Problem details:
Using the entries that follow, transcribe only the lines from the line with "Flower Motif with" to the line with "而Lisa这一行为也被很多清醒的网友认为是背刺女性。", both included, exactly as they stand and without pictures.

<<<<

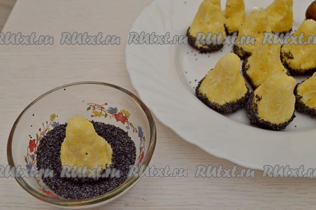 В отдельную мисочку насыпать мак (вместо мака можно взять чёрный кунжут). Влажными руками из массы сформировать конусообразную заготовку ножки гриба. Основание ножки должно быть плоским, чтобы грибочек в дальнейшем устойчиво стоял на тарелке. Основание ножки гриба обвалять в маке и поставить на блюдо для подачи. Таким же образом сформировать все заготовки.
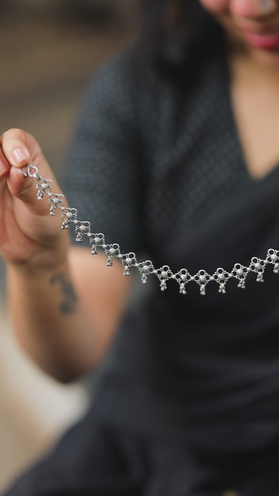 Flower Motif with Ghungaroo Delicate Silver Set Convertible Necklace and Anklet
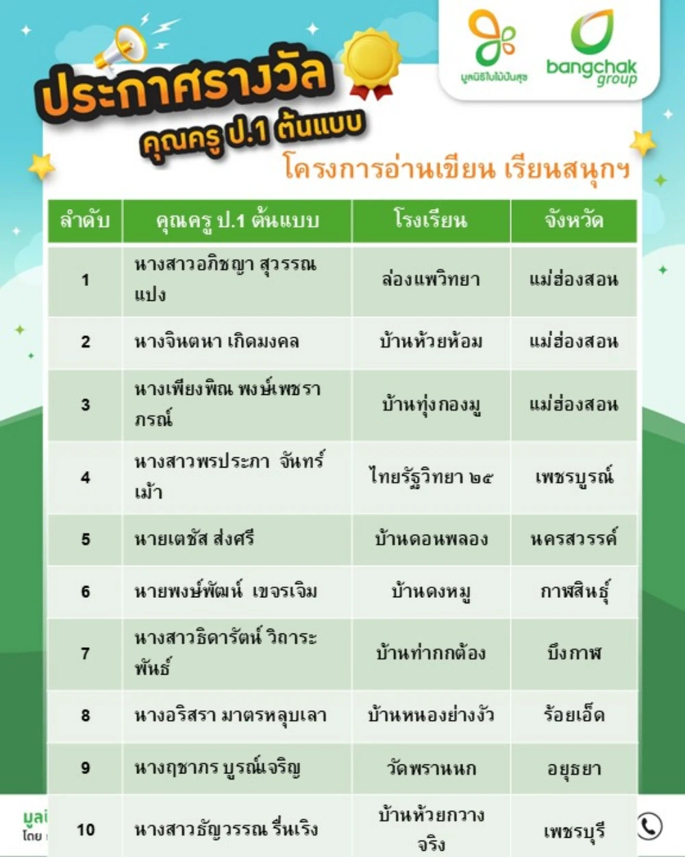มูลนิธิใบไม้ปันสุขขอแสดงความยินดีกับ คุณครูทั้ง 10 ท่าน
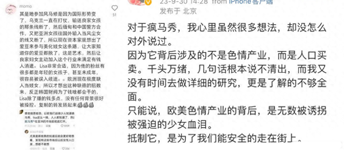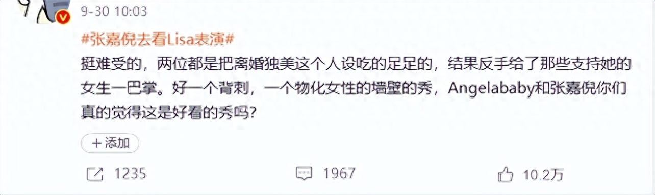 而Lisa这一行为也被很多清醒的网友认为是背刺女性。
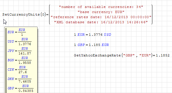 - SetCurrencyUnits(1), SetCurrencyUnits(2): extends SMath Studio with currency units. When an internet connection is available, exchange rates are kept updated using the ECB reference rates (internet connection not required but useful);Цитата
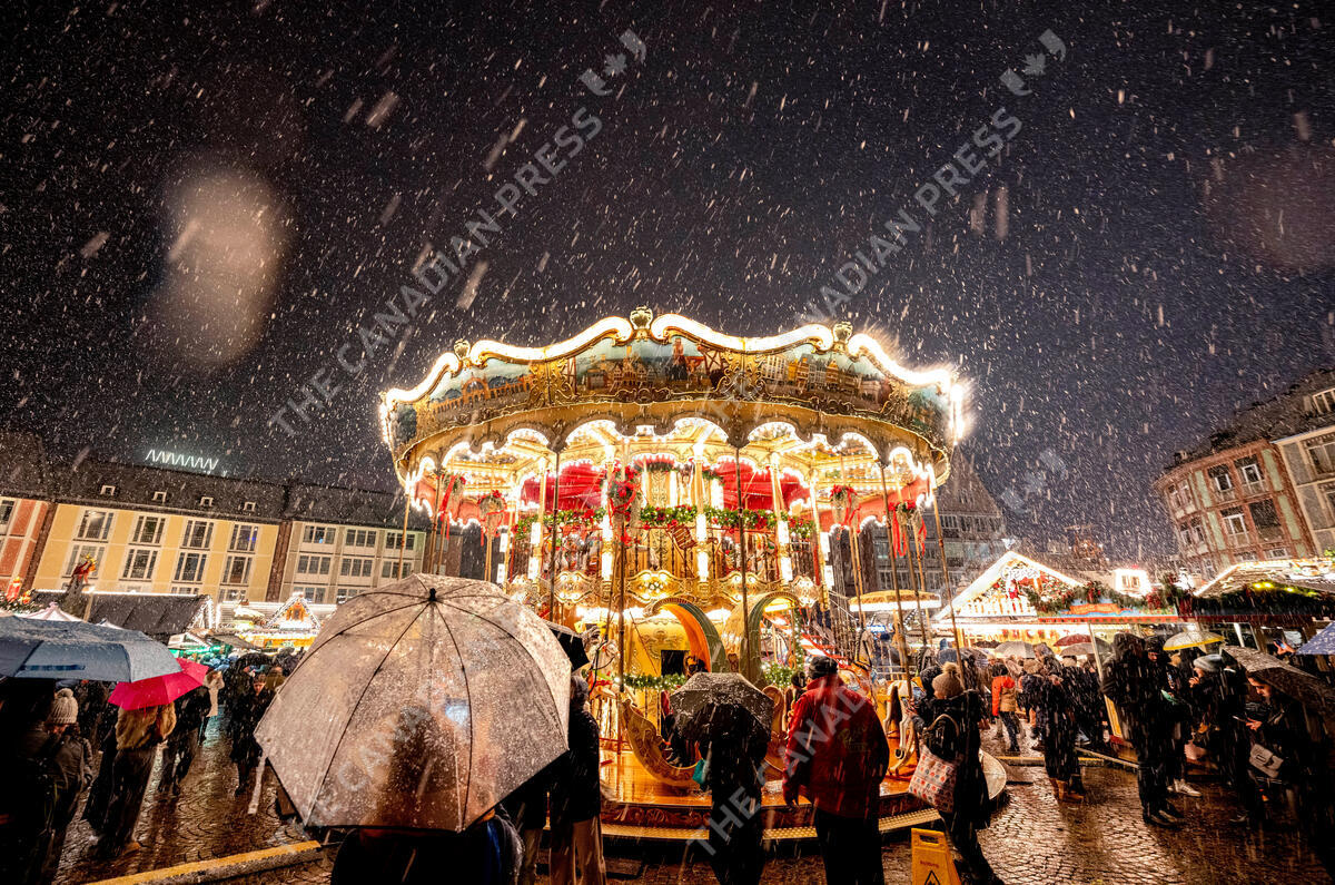 Snow falls as the traditional Christmas market with the merry-go-round was opened in Frankfurt, Germany, Monday, Nov. 27, 2023. (AP Photo/Michael Probst)

>>>>

Task solution:
 Flower Motif with Ghungaroo Delicate Silver Set Convertible Necklace and Anklet
มูลนิธิใบไม้ปันสุขขอแสดงความยินดีกับ คุณครูทั้ง 10 ท่าน
 而Lisa这一行为也被很多清醒的网友认为是背刺女性。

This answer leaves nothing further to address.